Data listing »
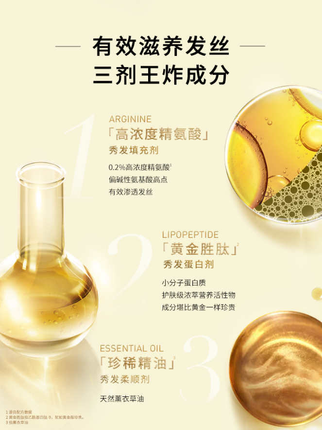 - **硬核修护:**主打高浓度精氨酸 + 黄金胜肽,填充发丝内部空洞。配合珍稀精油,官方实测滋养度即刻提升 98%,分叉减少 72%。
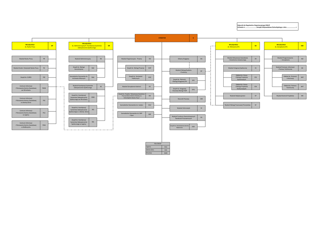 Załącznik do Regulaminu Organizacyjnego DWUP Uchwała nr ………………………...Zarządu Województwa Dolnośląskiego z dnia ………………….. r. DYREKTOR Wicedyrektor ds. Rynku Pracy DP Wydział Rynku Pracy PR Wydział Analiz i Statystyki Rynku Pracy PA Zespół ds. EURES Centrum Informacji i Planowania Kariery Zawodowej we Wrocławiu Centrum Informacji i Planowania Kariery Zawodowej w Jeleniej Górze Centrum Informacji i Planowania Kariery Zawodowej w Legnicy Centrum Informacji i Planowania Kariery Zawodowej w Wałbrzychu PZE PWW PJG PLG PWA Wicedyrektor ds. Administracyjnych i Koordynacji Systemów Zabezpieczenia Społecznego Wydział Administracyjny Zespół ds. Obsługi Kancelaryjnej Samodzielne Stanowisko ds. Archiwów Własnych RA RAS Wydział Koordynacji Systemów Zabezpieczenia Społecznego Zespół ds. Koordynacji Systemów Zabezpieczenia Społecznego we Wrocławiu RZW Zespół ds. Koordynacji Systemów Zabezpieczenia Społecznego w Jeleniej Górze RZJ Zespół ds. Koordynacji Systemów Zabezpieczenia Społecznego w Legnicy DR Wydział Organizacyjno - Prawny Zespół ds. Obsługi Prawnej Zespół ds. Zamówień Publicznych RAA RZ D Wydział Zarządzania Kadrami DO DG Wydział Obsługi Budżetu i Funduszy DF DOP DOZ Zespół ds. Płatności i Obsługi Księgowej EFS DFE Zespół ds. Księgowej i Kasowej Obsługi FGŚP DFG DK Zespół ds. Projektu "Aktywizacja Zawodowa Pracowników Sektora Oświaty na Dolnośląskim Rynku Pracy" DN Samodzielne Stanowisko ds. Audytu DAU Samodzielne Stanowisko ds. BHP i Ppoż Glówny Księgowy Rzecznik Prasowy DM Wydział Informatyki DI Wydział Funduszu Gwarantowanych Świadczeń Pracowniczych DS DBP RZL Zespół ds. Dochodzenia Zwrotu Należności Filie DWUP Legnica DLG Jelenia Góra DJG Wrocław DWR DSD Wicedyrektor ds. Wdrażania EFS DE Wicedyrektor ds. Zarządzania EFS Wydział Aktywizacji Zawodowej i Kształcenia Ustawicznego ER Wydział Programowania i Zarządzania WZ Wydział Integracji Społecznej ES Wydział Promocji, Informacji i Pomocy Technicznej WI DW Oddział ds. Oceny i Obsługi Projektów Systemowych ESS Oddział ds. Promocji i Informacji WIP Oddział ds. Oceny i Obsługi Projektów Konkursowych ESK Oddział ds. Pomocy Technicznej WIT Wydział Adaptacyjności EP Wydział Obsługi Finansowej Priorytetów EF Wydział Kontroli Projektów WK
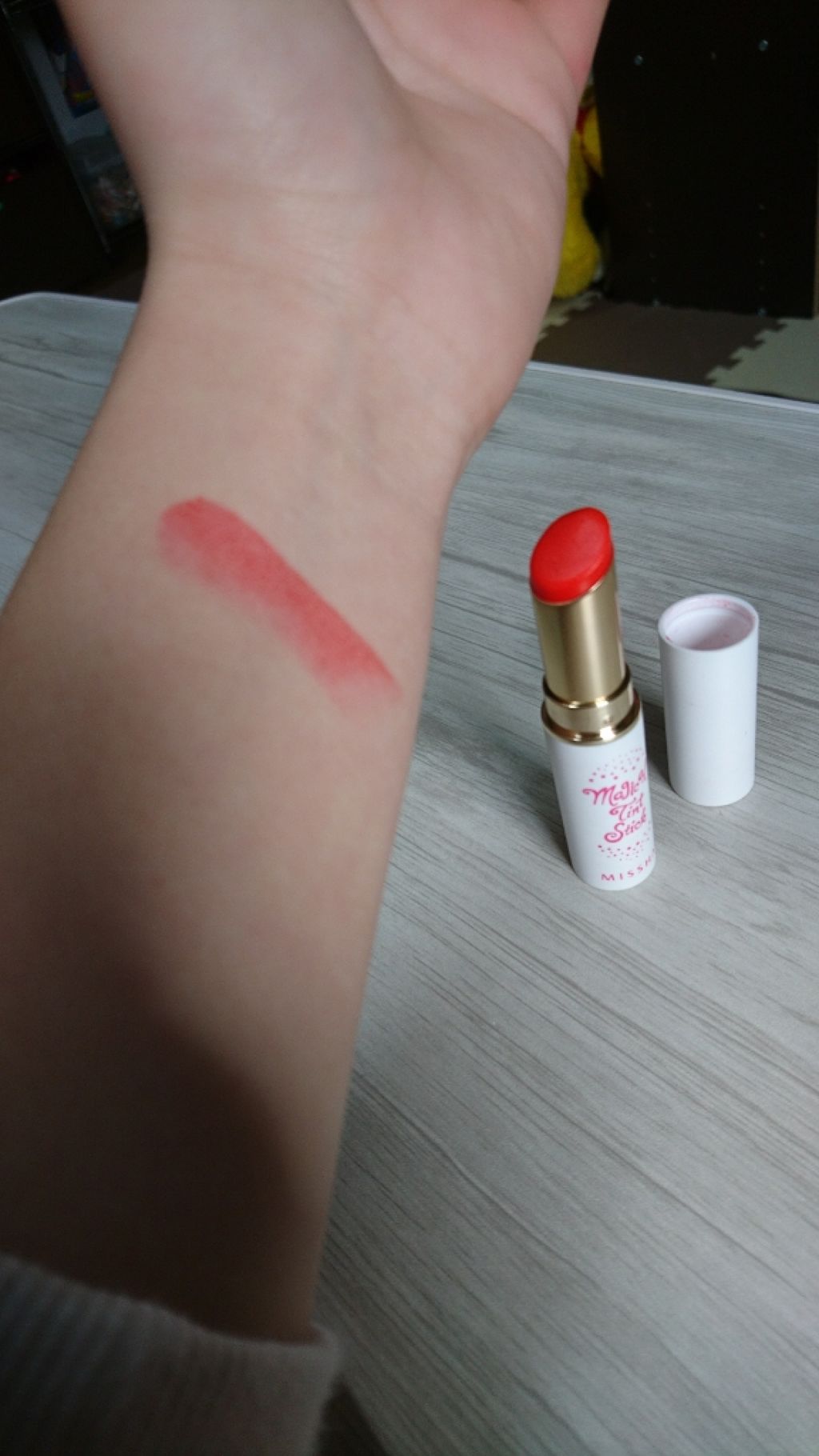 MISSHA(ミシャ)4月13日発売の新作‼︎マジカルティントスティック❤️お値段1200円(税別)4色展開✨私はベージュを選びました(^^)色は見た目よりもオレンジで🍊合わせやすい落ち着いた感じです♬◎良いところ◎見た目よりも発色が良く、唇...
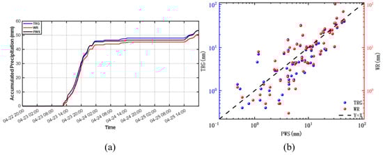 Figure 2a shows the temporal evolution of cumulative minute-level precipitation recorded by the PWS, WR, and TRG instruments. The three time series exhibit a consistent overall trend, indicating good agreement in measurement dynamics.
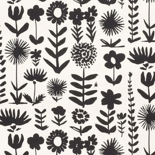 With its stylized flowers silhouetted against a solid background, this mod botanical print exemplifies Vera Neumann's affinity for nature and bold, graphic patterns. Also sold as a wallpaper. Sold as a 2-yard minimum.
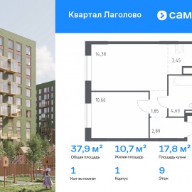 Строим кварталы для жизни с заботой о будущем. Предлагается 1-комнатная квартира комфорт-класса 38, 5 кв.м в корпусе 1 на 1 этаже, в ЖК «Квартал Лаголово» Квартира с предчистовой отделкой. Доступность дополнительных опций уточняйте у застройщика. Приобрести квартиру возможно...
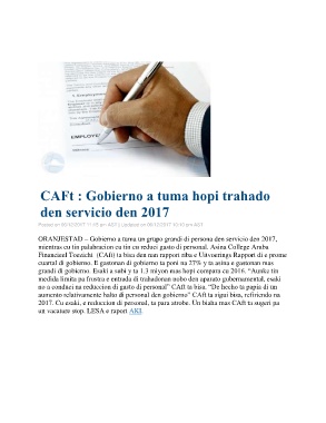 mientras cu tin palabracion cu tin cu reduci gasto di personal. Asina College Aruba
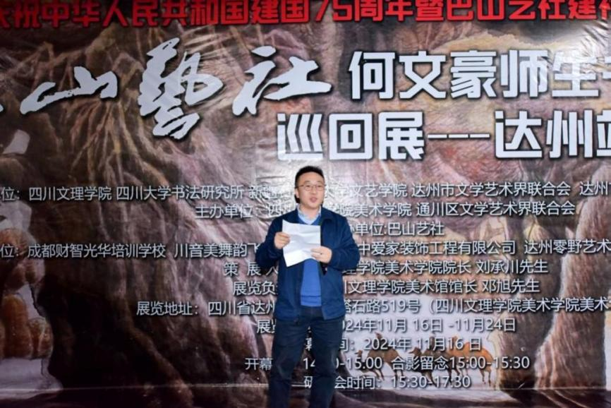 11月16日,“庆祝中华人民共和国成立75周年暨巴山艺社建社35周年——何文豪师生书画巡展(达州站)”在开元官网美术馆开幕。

Problem requirements » Among the lines above, the one with "MISSHA(ミシャ)4月1" opens the part to repeat and the one with "Figure 2a shows" closes it; repeat only that part exactly, with no pictures.

Result of the task »
 MISSHA(ミシャ)4月13日発売の新作‼︎マジカルティントスティック❤️お値段1200円(税別)4色展開✨私はベージュを選びました(^^)色は見た目よりもオレンジで🍊合わせやすい落ち着いた感じです♬◎良いところ◎見た目よりも発色が良く、唇...
 Figure 2a shows the temporal evolution of cumulative minute-level precipitation recorded by the PWS, WR, and TRG instruments. The three time series exhibit a consistent overall trend, indicating good agreement in measurement dynamics.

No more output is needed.